The text commands us to rend our hearts, but they are naturally hard as marble: how, then, can this be done? We must take them to Calvary: a dying Saviour's voice rent the rocks once, and it is as powerful now. O blessed Spirit, let us hear the death-cries of Jesus, and our hearts shall be rent even as men rend their vestures in the day of lamentation.
Believer, how do you respond to sin? Not that of others, but your own? Are you afflicted deeply with sorrow? Or are you more like the Pharisees, making a show of your repentance while remaining unchanged?
The “religious” among us would, as did many in Scripture, rend their garments when confronted with sin or injustice. Yet this outward act was matched by neither inward grief nor change. This is not what God desires.
God wants people with a changed heart, people mournful of misdoings, not those who would signal misery on the outside while remaining unchanged. For God says through the prophet, “rend your heart and not your garments” (Joel 2:13). God wants a people who are broken by sin, not who wallow in it.
And when we truly repent, if we confess our sins to Him, He is faithful and just, and will forgive us our sins, and will cleanse us from all unrighteousness (1 Jn. 1:9).
Brethren, examine your heart today. Are you truly repentant? Do you despise sin as He does? Or do you rather justify yourself, making an outward show of seeking forgiveness, but having your heart untouched?
——————
Spurgeon’s Morning and Evening Devotions
Morning, December 18
"Rend your heart, and not your garments." Joel 2:13
Garment-rendering and other outward signs of religious emotion, are easily manifested and are frequently hypocritical"; but to feel true repentance is far more difficult, and consequently far less common.

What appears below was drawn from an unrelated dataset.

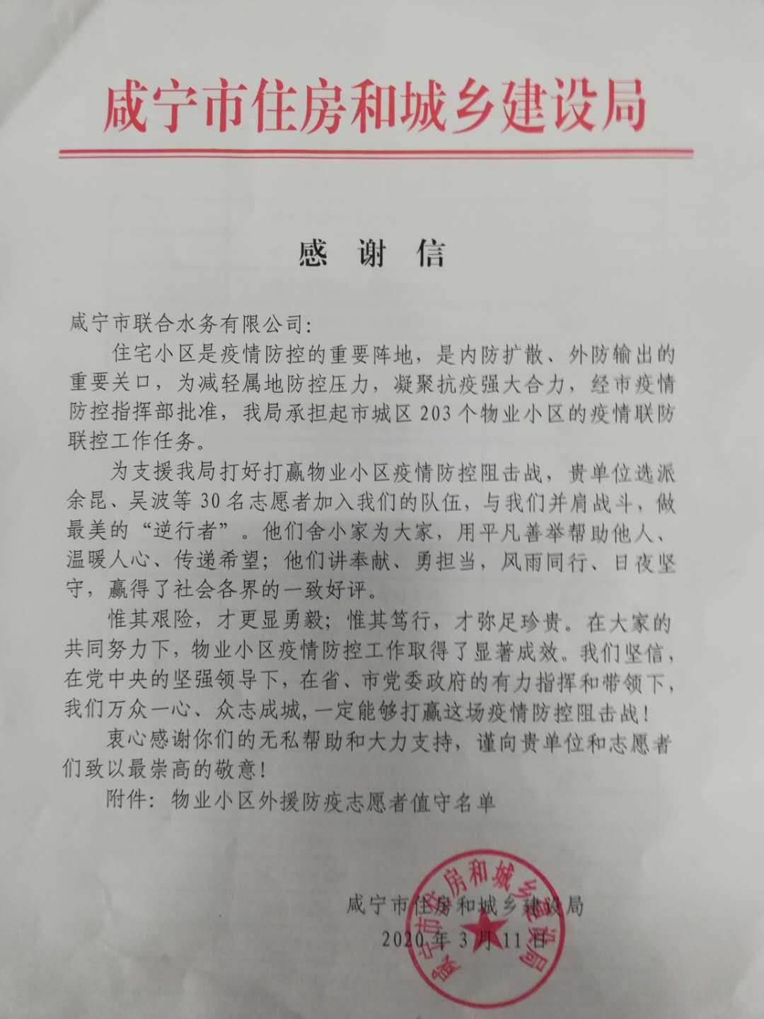 “為支援我局打好打贏物業小區疫情防控阻擊戰,貴單位派出李暉、陳治坤、余昆等33余名青年職工加入我們的隊伍,與我們并肩作戰,做最美的‘逆行者’。他們舍小家為大家,用平凡善舉幫助他人、溫暖人心、傳遞希望;他們講奉獻、勇擔當,風雨同行、日夜堅守,贏得了社會各界的一致好評……”3月11日,咸寧聯合水務有限公司在全面復工第一天,收到一封來自市住建局的感謝信。信中市住建局對咸寧聯合水務志愿者們無私的奉獻和大力支持,表示高度肯定和崇高的敬意。寶貴的感謝信將激勵咸寧聯合水務更加堅定信心、自我加壓,堅守崗位,盡職履責,抗擊疫情。

Men will attend to the most multiplied and minute ceremonial regulations- for such things are pleasing to the flesh- but true religion is too humbling, too heart-searching, too thorough for the tastes of the carnal men; they prefer something more ostentatious, flimsy, and worldly. Outward observances are temporarily comfortable"; eye and ear are pleased; self-conceit is fed, and self-righteousness is puffed up: but they are ultimately delusive, for in the article of death, and at the day of judgment, the soul needs something more substantial than ceremonies and rituals to lean upon. Apart from vital godliness all religion is utterly vain; offered without a sincere heart, every form of worship is a solemn sham and an impudent mockery of the majesty of heaven.
HEART-RENDING is divinely wrought and solemnly felt. It is a secret grief which is personally experienced, not in mere form, but as a deep, soul-moving work of the Holy Spirit upon the inmost heart of each believer. It is not a matter to be merely talked of and believed in, but keenly and sensitively felt in every living child of the living God. It is powerfully humiliating, and completely sin-purging; but then it is sweetly preparative for those gracious consolations which proud unhumbled spirits are unable to receive; and it is distinctly discriminating, for it belongs to the elect of God, and to them alone.
The text commands us to rend our hearts, but they are naturally hard as marble: how, then, can this be done? We must take them to Calvary: a dying Saviour's voice rent the rocks once, and it is as powerful now. O blessed Spirit, let us hear the death-cries of Jesus, and our hearts shall be rent even as men rend their vestures in the day of lamentation.